* _Exercise brief_:
Your answer should be the lines below from the one holding "说明一下:00:0C:29:FB:37:5B是左边的客户" through the one holding "另一方面,署名代表溫哥華東端區居民聯盟(The DTES Residents", copied exactly and with nothing else.

* _Records supplied_:
————

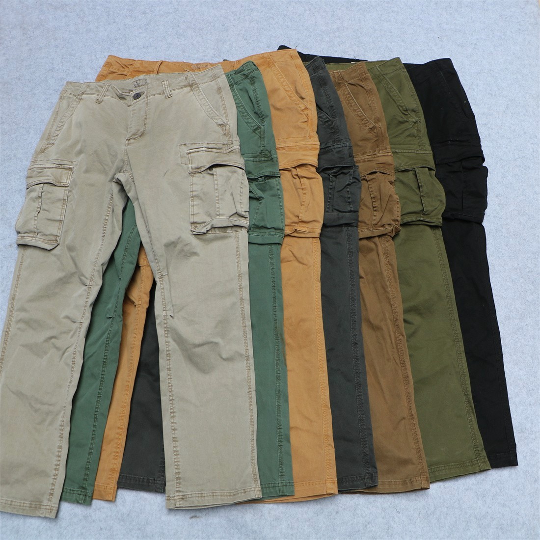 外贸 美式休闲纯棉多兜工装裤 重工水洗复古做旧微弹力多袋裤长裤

————

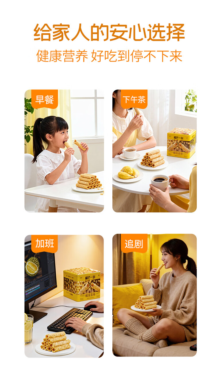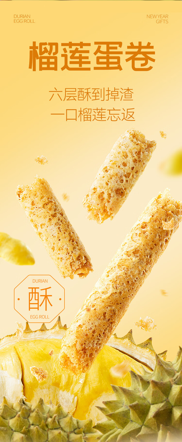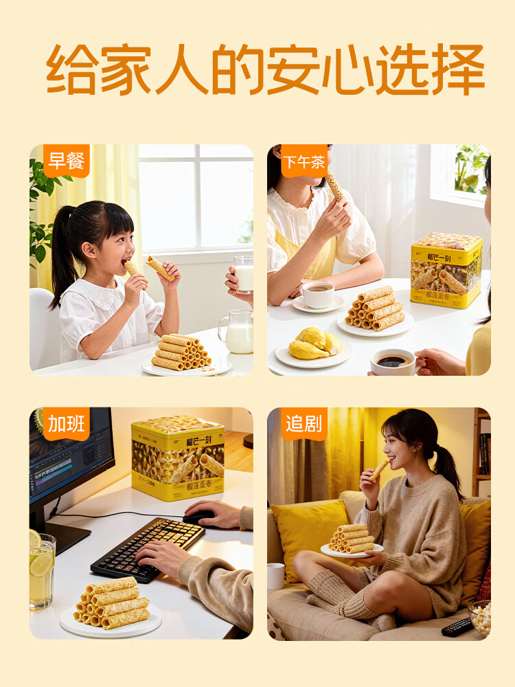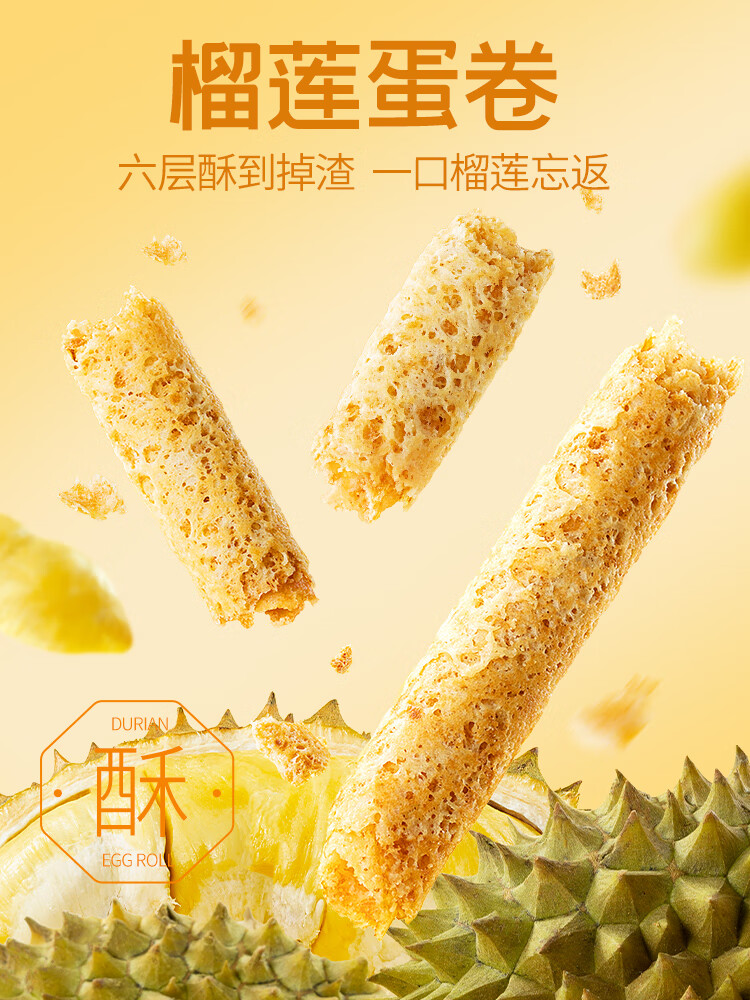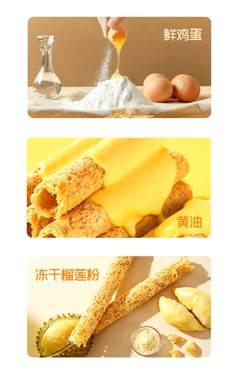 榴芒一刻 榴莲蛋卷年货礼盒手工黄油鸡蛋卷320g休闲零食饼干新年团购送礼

————

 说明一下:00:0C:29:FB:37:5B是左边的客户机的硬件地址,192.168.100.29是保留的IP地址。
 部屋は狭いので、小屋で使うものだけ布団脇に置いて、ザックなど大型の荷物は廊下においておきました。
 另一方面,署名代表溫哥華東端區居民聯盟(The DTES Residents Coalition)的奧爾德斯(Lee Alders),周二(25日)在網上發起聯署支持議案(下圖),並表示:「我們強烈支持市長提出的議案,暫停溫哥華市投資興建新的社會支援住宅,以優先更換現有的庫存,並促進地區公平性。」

————

* _Output below_:
 说明一下:00:0C:29:FB:37:5B是左边的客户机的硬件地址,192.168.100.29是保留的IP地址。
 部屋は狭いので、小屋で使うものだけ布団脇に置いて、ザックなど大型の荷物は廊下においておきました。
 另一方面,署名代表溫哥華東端區居民聯盟(The DTES Residents Coalition)的奧爾德斯(Lee Alders),周二(25日)在網上發起聯署支持議案(下圖),並表示:「我們強烈支持市長提出的議案,暫停溫哥華市投資興建新的社會支援住宅,以優先更換現有的庫存,並促進地區公平性。」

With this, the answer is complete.